What the task asks. An exact reproduction of the records is required. Images must be left out.

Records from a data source
------------

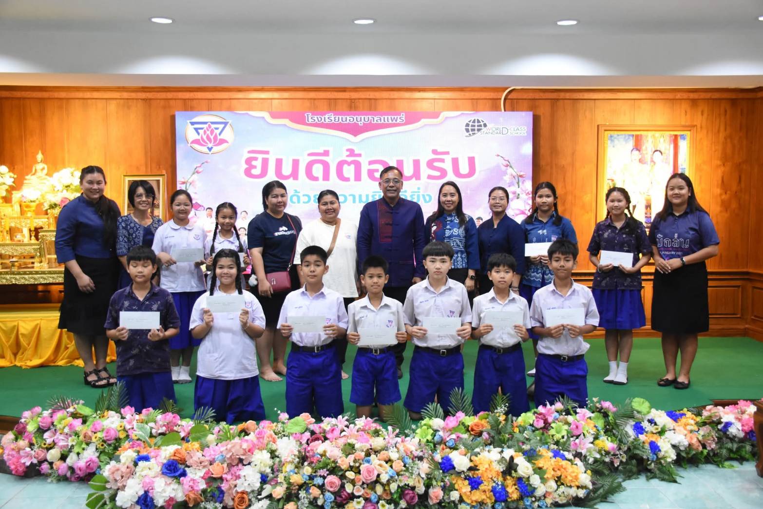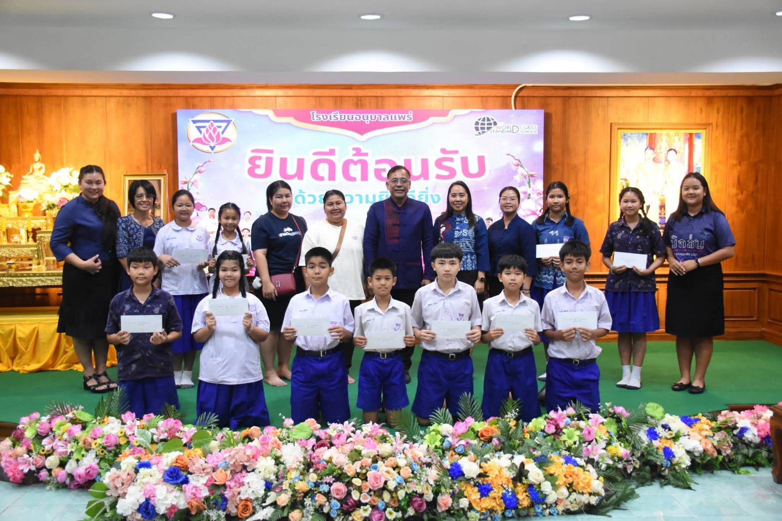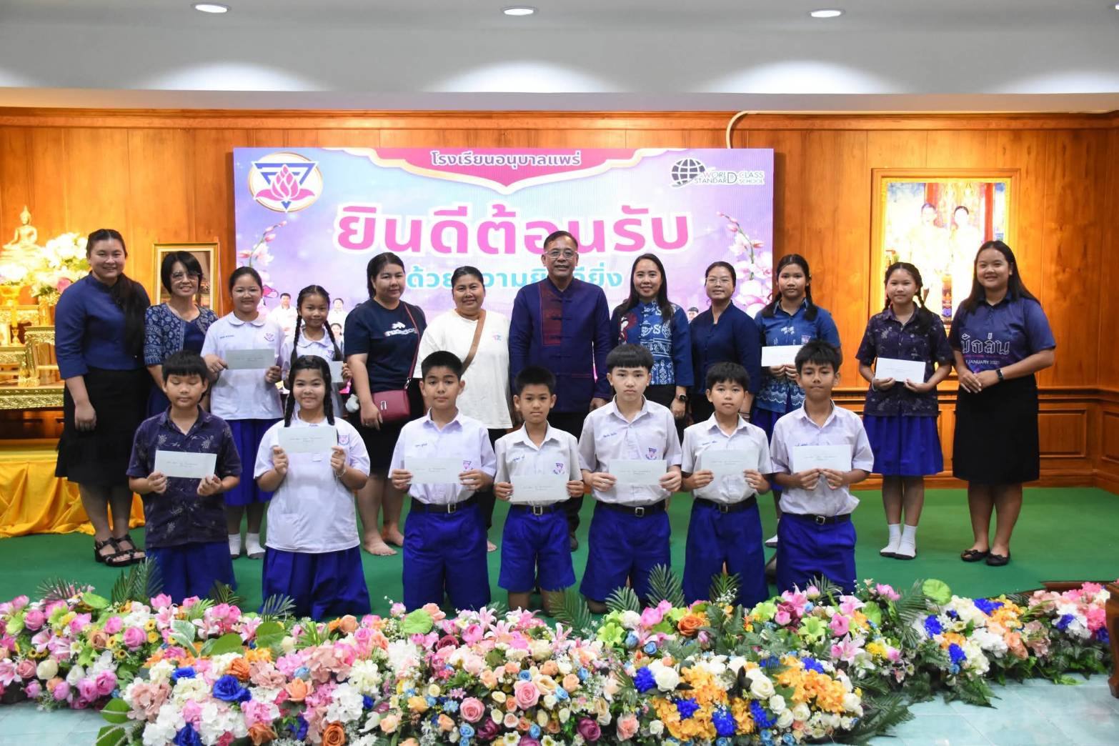 ผอ.รร.อนุบาลแพร่ กล่าวว่า ขอขอบพระคุณ นายแพทย์ไพศาล จันทร์นวล ที่ท่านได้ทำบุญบริจาคทุนการศึกษาให้กับนักเรียนโรงเรียนอนุบาลแพร่ มอบทุนการศึกษาให้นักเรียน ประกอบด้วย ทุนละ 5,000 บาท
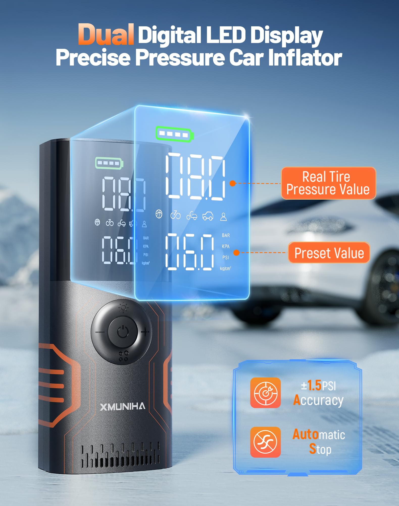 User-Friendly: This portable tire pump for car is equipped with an LED digital smart display, which makes it easy to view the real-time pressure and preset values even under bright sunlight. It supports one-touch switching of 4 pressure units (PSI, KPA, BAR and KG/CM²), and the pressure range can be adjusted between 30-150PSI to meet different usage scenarios, which makes this car tire pump an ideal companion for daily life
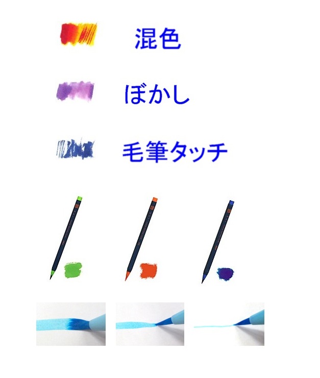 水性染料インクは、穂先に水を含ませると「にじみ・ぼかし」が表現できます。
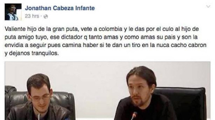 ”Skiderik”, ”Ludersøn” og ”han skulle skydes i nakken” skrev Jonathan Cabeza fra det konsevative regeringsparti, Partido Popular, i Paredes de Nava (Palencia) i det nordlige Spanien på sin Facebook-side.
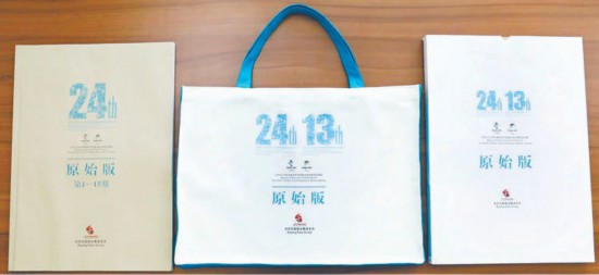 图为冬奥会刊原始版合订本全家福,包括三册合订本(左一)、合订本封套(右一),为方便读者领取,出版方还专门定制了专属环保袋(中)。
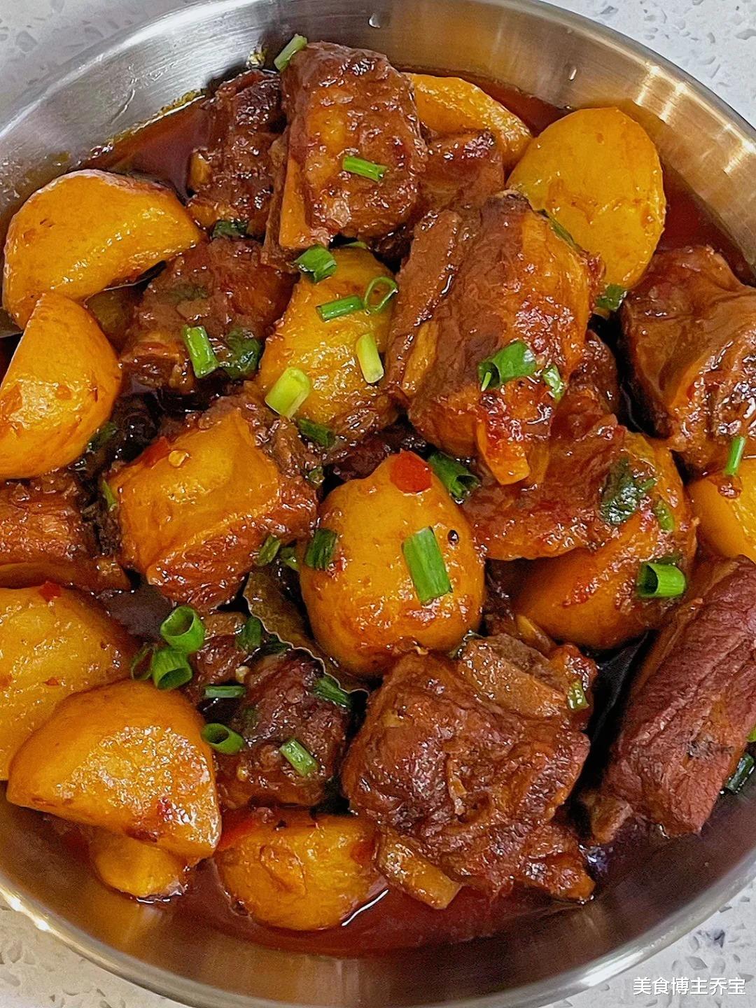 土豆烧排骨不仅美味可口,而且营养丰富。排骨富含蛋白质、脂肪、维生素等营养成分,具有滋阴壮阳、益精补血的功效。土豆则含有丰富的淀粉、膳食纤维、维生素 C等,具有健脾利湿、解毒消炎的作用。这道家常菜适合全家人一起享用,无论是日常三餐还是宴请宾客,都是一道不错的选择。
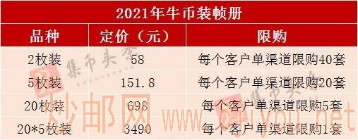 本次牛币装帧册共有4个规格,分别为2枚装、5枚装、20枚装、20枚*5装,销售价格如下:
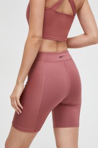 Шорти для йоги Reebok колір рожевий однотонні висока посадка
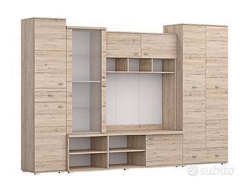 La parete attrezzata Oviedo, con pratico vano appendiabiti, è un set di mobili elegante e funzionale, perfetto per il soggiorno, che combina spazio di archiviazione ed estetica; è ideale sia per un soggiorno ampio e aperto che desideriamo organizzare in modo originale e caratteristico, sia per un soggiorno più piccolo, dove ci permetterà di sfruttare al massimo lo spazio. La parete attrezzata offre ampio spazio contenitivo, i piani di lavoro arrotondati conquisteranno con la loro forma moderna e la vetrina con frontale ovale in vetro metterà in risalto i vostri decori preferiti. L’unità a parete non ha la piastra tra la presa TV e la prolunga/ripiano. La parete attrezzata modello Oviedo, realizzata con materiali di qualità, è semplice da montare e non richiede l’impiego di tasselli per il fissaggio alla parete. Il peso di questa parete attrezzata è di ben 230 kg!
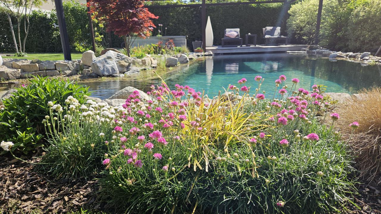 Vielen Dank! In der warmen Jahreszeit bin ich eigentlich jeden Tag / Abend im Garten unterwegs und erledige dies und das, genaue Zeiten kann ich nicht benennen - was jedoch Fakt ist: Ein Naturpool macht (zumindest in einer Form wie unserer und in einem Pflegezustand wie unserer) ungleich mehr Arbeit als ein Chlor- oder Salzpool. Muss man sich schon gut überlegen, ob man die Zeit auch aufbringen will / kann. |
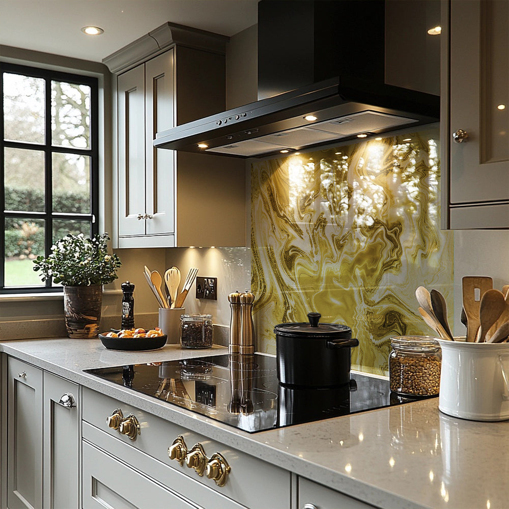 Bring bold artistry into your kitchen with a splashback that combines vibrant colors and sleek, toughened glass. The durable, heat-resistant material is built to last, while its smooth, glossy surface is easy to clean. Light-reflecting and eye-catching, this splashback adds a modern touch to any space. A perfect blend of style and functionality for today’s kitchens.
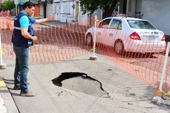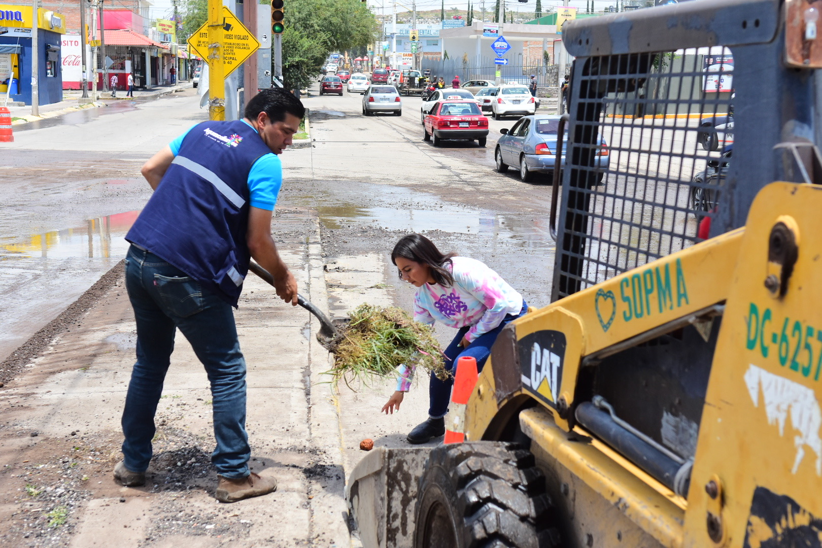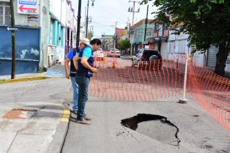 Este domingo, acudió a partes  con reporte de afectación como el centro de la ciudad, donde se presentó un colapso del colector sanitario en la calle Josefa Ortiz de Domínguez, donde el Municipio realizará trabajos para la rehabilitación de la red sanitaria.
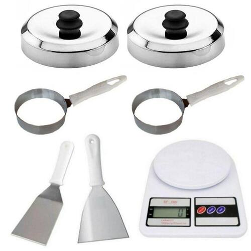 Kit 2 Modelador De Ovo 2 Abafador Kit Espátulas 01 BalançaItens que acompanham kit:Acompanham:2- abafador em alumínioMed. Aprox.: 16 cm diâmetro x 5.00 cm altura2- modelador ovos Material: aço inox, med. Aprox.: diâmetro: 10 cm, altura: 2 cm1- espátula curvaMed. Aprox.: 27 comprimento x 90 mm largura1- espátula retaMed. Aprox.: 25 comprimentos x 100 mm largura1- balança digital de alta precisãoPesa de 1 grama até 10 kg.
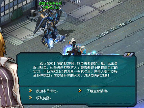 跨越星河的伟业,联盟机师与奥赛罗人的争斗是群星史诗,无数丰功伟绩被载入史书!而今风云再起,联盟使命每天出击,无畏的机师们,来挑战吧,在军务官卡莱尔上尉(钢铁巨舰,458,789)那里,证明你自己超越星河的实力吧,证明你足以担负起联盟的使命!
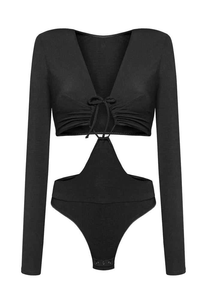 - Half-neckline and a slightly asymmetric cut-out imitating a boat neckline.
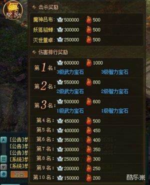击杀世界BOSS灭世董卓、妖狐貂蝉和魔神吕布,可获得大量的银币和战魂奖励。
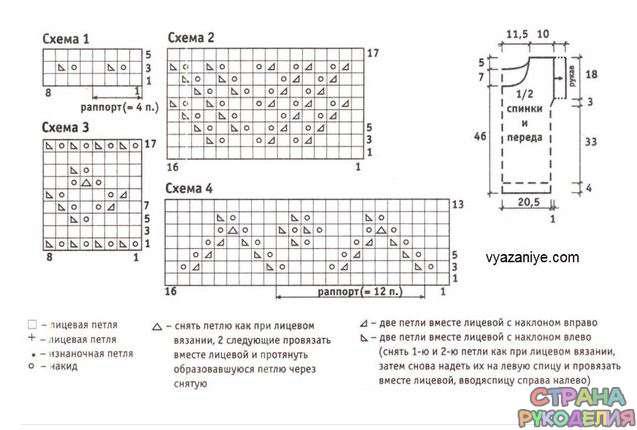 Последовательно чередовать ажурные полосы: по 18 рядов узоров по схемам 1 - 3 и 14 рядов схемы 4, после каждой полосы узора выполнять «рубчик».
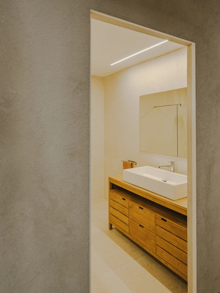 En esta zona central y en forma de isla se organiza el núcleo de baño que separa la zona común de cocina y sala de las habitaciones, dándoles privacidad a la vez que genera el espacio de lavandería y despensa en forma de amplio pasillo equipado.
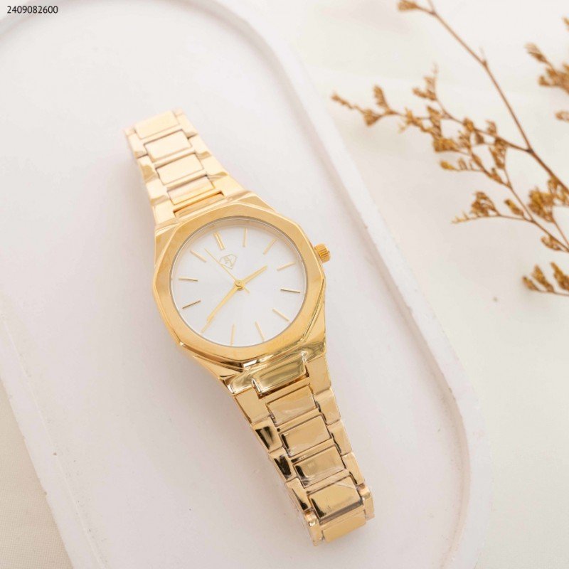 ساعة نسائية دائرية (اللون: ذهبي)
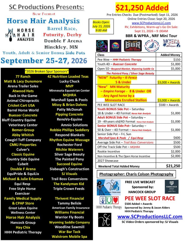 By entering an SC Productions Events, I understand it’s my responsiblity to be familiar with and abide by the rules. SC Productions, Sponsors, event facilities are not responsible for any injury, accidents, loss or theft that may occur to You, Your horse,or Your Property while attending this event either as a spectator or contestant. We DO NOT have Emergency Medical Technicians (EMT’s) on site during any SC Productions Events.

------------

Finished exercise.
 ผอ.รร.อนุบาลแพร่ กล่าวว่า ขอขอบพระคุณ นายแพทย์ไพศาล จันทร์นวล ที่ท่านได้ทำบุญบริจาคทุนการศึกษาให้กับนักเรียนโรงเรียนอนุบาลแพร่ มอบทุนการศึกษาให้นักเรียน ประกอบด้วย ทุนละ 5,000 บาท
 User-Friendly: This portable tire pump for car is equipped with an LED digital smart display, which makes it easy to view the real-time pressure and preset values even under bright sunlight. It supports one-touch switching of 4 pressure units (PSI, KPA, BAR and KG/CM²), and the pressure range can be adjusted between 30-150PSI to meet different usage scenarios, which makes this car tire pump an ideal companion for daily life
 水性染料インクは、穂先に水を含ませると「にじみ・ぼかし」が表現できます。
 ”Skiderik”, ”Ludersøn” og ”han skulle skydes i nakken” skrev Jonathan Cabeza fra det konsevative regeringsparti, Partido Popular, i Paredes de Nava (Palencia) i det nordlige Spanien på sin Facebook-side.
 图为冬奥会刊原始版合订本全家福,包括三册合订本(左一)、合订本封套(右一),为方便读者领取,出版方还专门定制了专属环保袋(中)。
 土豆烧排骨不仅美味可口,而且营养丰富。排骨富含蛋白质、脂肪、维生素等营养成分,具有滋阴壮阳、益精补血的功效。土豆则含有丰富的淀粉、膳食纤维、维生素 C等,具有健脾利湿、解毒消炎的作用。这道家常菜适合全家人一起享用,无论是日常三餐还是宴请宾客,都是一道不错的选择。
 本次牛币装帧册共有4个规格,分别为2枚装、5枚装、20枚装、20枚*5装,销售价格如下:
 Шорти для йоги Reebok колір рожевий однотонні висока посадка
 La parete attrezzata Oviedo, con pratico vano appendiabiti, è un set di mobili elegante e funzionale, perfetto per il soggiorno, che combina spazio di archiviazione ed estetica; è ideale sia per un soggiorno ampio e aperto che desideriamo organizzare in modo originale e caratteristico, sia per un soggiorno più piccolo, dove ci permetterà di sfruttare al massimo lo spazio. La parete attrezzata offre ampio spazio contenitivo, i piani di lavoro arrotondati conquisteranno con la loro forma moderna e la vetrina con frontale ovale in vetro metterà in risalto i vostri decori preferiti. L’unità a parete non ha la piastra tra la presa TV e la prolunga/ripiano. La parete attrezzata modello Oviedo, realizzata con materiali di qualità, è semplice da montare e non richiede l’impiego di tasselli per il fissaggio alla parete. Il peso di questa parete attrezzata è di ben 230 kg!
 Vielen Dank! In der warmen Jahreszeit bin ich eigentlich jeden Tag / Abend im Garten unterwegs und erledige dies und das, genaue Zeiten kann ich nicht benennen - was jedoch Fakt ist: Ein Naturpool macht (zumindest in einer Form wie unserer und in einem Pflegezustand wie unserer) ungleich mehr Arbeit als ein Chlor- oder Salzpool. Muss man sich schon gut überlegen, ob man die Zeit auch aufbringen will / kann. |
 Bring bold artistry into your kitchen with a splashback that combines vibrant colors and sleek, toughened glass. The durable, heat-resistant material is built to last, while its smooth, glossy surface is easy to clean. Light-reflecting and eye-catching, this splashback adds a modern touch to any space. A perfect blend of style and functionality for today’s kitchens.
 Este domingo, acudió a partes  con reporte de afectación como el centro de la ciudad, donde se presentó un colapso del colector sanitario en la calle Josefa Ortiz de Domínguez, donde el Municipio realizará trabajos para la rehabilitación de la red sanitaria.
 Kit 2 Modelador De Ovo 2 Abafador Kit Espátulas 01 BalançaItens que acompanham kit:Acompanham:2- abafador em alumínioMed. Aprox.: 16 cm diâmetro x 5.00 cm altura2- modelador ovos Material: aço inox, med. Aprox.: diâmetro: 10 cm, altura: 2 cm1- espátula curvaMed. Aprox.: 27 comprimento x 90 mm largura1- espátula retaMed. Aprox.: 25 comprimentos x 100 mm largura1- balança digital de alta precisãoPesa de 1 grama até 10 kg.
 跨越星河的伟业,联盟机师与奥赛罗人的争斗是群星史诗,无数丰功伟绩被载入史书!而今风云再起,联盟使命每天出击,无畏的机师们,来挑战吧,在军务官卡莱尔上尉(钢铁巨舰,458,789)那里,证明你自己超越星河的实力吧,证明你足以担负起联盟的使命!
 - Half-neckline and a slightly asymmetric cut-out imitating a boat neckline.
击杀世界BOSS灭世董卓、妖狐貂蝉和魔神吕布,可获得大量的银币和战魂奖励。
 Последовательно чередовать ажурные полосы: по 18 рядов узоров по схемам 1 - 3 и 14 рядов схемы 4, после каждой полосы узора выполнять «рубчик».
 En esta zona central y en forma de isla se organiza el núcleo de baño que separa la zona común de cocina y sala de las habitaciones, dándoles privacidad a la vez que genera el espacio de lavandería y despensa en forma de amplio pasillo equipado.
 ساعة نسائية دائرية (اللون: ذهبي)
 By entering an SC Productions Events, I understand it’s my responsiblity to be familiar with and abide by the rules. SC Productions, Sponsors, event facilities are not responsible for any injury, accidents, loss or theft that may occur to You, Your horse,or Your Property while attending this event either as a spectator or contestant. We DO NOT have Emergency Medical Technicians (EMT’s) on site during any SC Productions Events.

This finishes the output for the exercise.